Combating high TVCs in SSDs

Combating high TVCs in SSDs

Water purification systems play an important role in the healthcare sector. In hospital laboratories, for example, water is typically the most commonly used element and the quality of supply can be critical. Likewise, renal departments require a regular, reliable, high purity supply, not only to protect patient health but to avoid any failure that may result in a stressful disruption in service for patients. Meanwhile, Sterile Service Departments (SSDs) require large volumes of high purity water for a range of uses, from endoscope and equipment washing and sterilisation, to autoclaves, which sterilise equipment and supplies using high pressure saturated steam.

As part of the regime to continuously improve patient safety sterile services staff regularly monitor a range of criteria. These include the level of TVCs (Total Viable Counts) in final rinse water; this is generally where the operating cycle of each washer disinfector requires that equipment is rinsed after disinfection.

A TVC analysis of the final rinse water measures microbial purity; under the current HTM 01-01 guidelines, this should be no more than 100cfu (colony forming units) per 100mL of sample rinse water.

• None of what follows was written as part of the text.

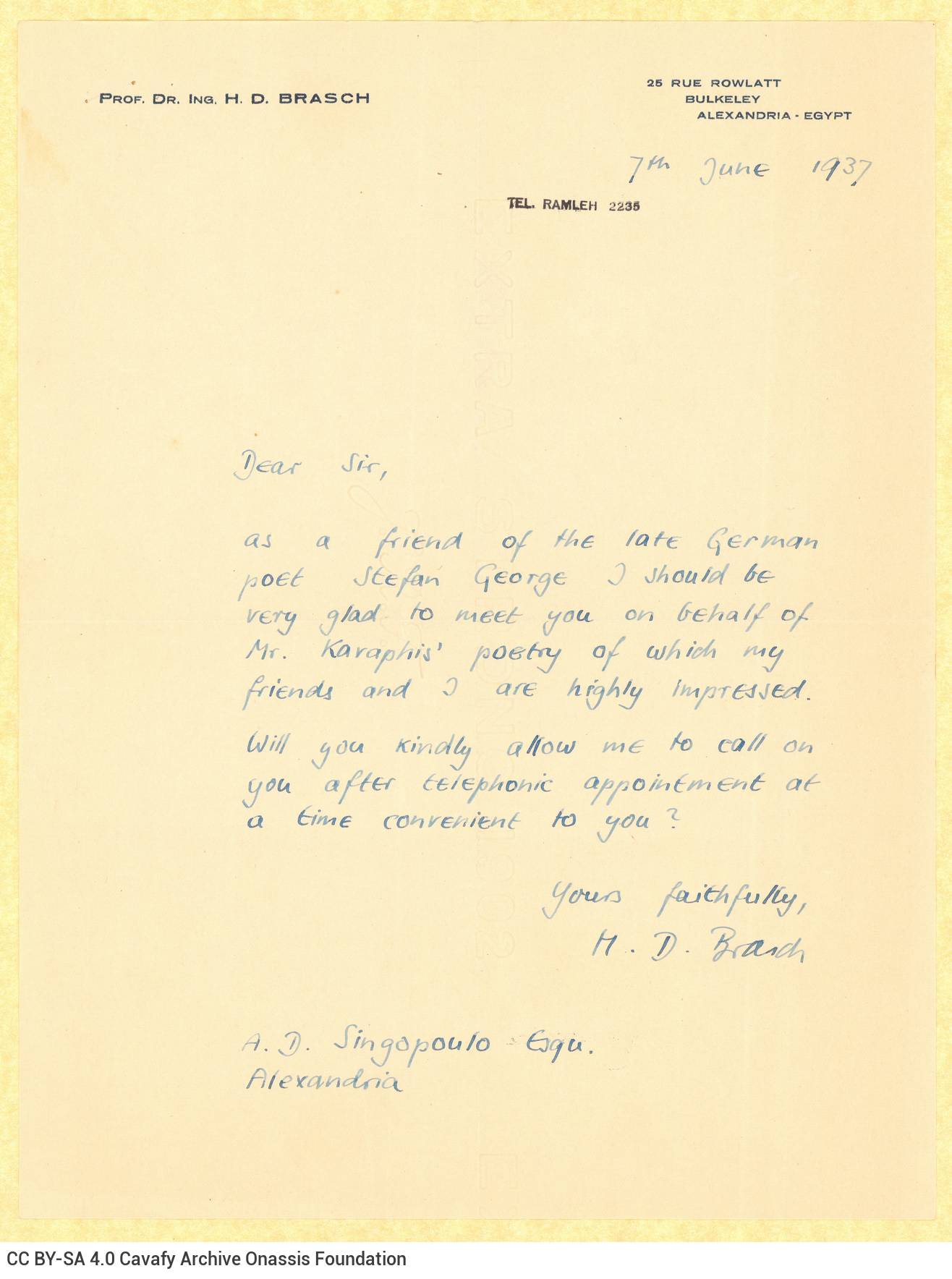 Handwritten letter by professor H. D. Brasch to Alekos Singopoulo on one side of a letterhead with the sender's name and address in Alexandria in print. Blank verso. He asks to meet with Singopoulo for reasons related to Cavafy's poetic work.

One of our leading heart hospitals faced a situation where it had high TVC counts on the final rinse water from a Radiology AER system. When the system was originally commissioned there was insufficient space to allow a full reverse osmosis system to be installed to provide high purity rinse water. Instead, an endoscope reprocessor using Peracetic Acid for the final rinse was chosen. However, the low level of Peracetic Acid used, at 12ppm, was insufficient to provide long-term protection; as a result, over time the level of microbial contamination gradually increased, leading to high levels of TVCs. Due to the nature of the machine, full disinfection was not possible, which meant that contaminated parts had to be replaced.

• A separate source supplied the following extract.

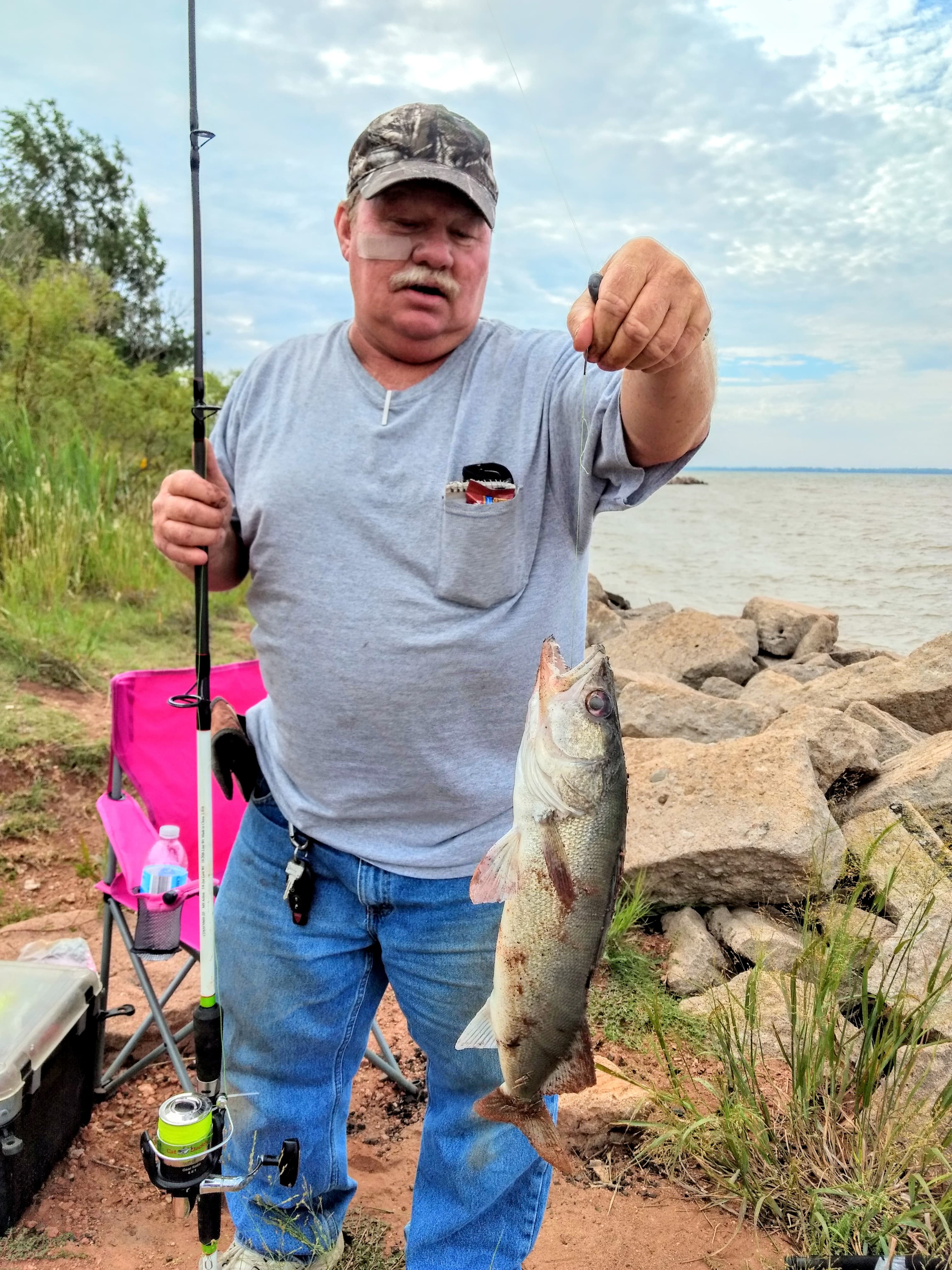 It was a beautiful day, and it didn’t matter that we had to catch and release the fish. The sunshine felt good, and the breeze kept the heat down.

Subsequently, a review of the situation led to the specification of a compact reverse osmosis unit. Although this helped to resolve the immediate problem and brought the level of TVCs back within tolerance, the hospital team wanted to improve safety still further by testing the mains water, RO ring-main and final rinse water on a weekly basis. This led to the addition of a thermal sanitisation and chemical disinfection system to ensure that bacteria levels were consistently reduced to the required minimum.

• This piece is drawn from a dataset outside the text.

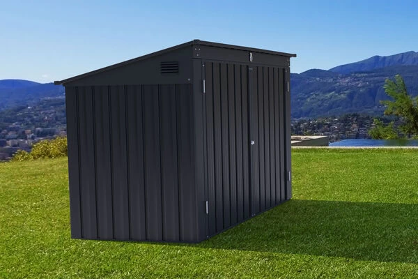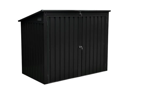 Zudem sind im Lieferumfang der Box bereits zwei Zylinderschlösser enthalten, welche zum Verschluss der Doppelschwingtür und des aufklappbaren Daches dienen. Die Grundfläche der Box beträgt ca. 1,57 m² und hat insgesamt 2 Lüftungsgitter, was die Luftzirkulation in der Box ermöglicht. Die Wände und das Dach der Box tragen die Farbe anthrazit. Durch die gedeckte Farbe fügt sich die Box dezent in seine Umgebung ein.

Although this approach slightly increased the time required for each final wash rinse cycle, this was outweighed by the security and peace of mind that the revised system provided. Since installation, the hospital has enjoyed zero service shutdowns and excellent weekly TVC test results, demonstrating that establishing a tough monitoring regime, along with the help of a specialised water purification supplier, is crucial for patient safety.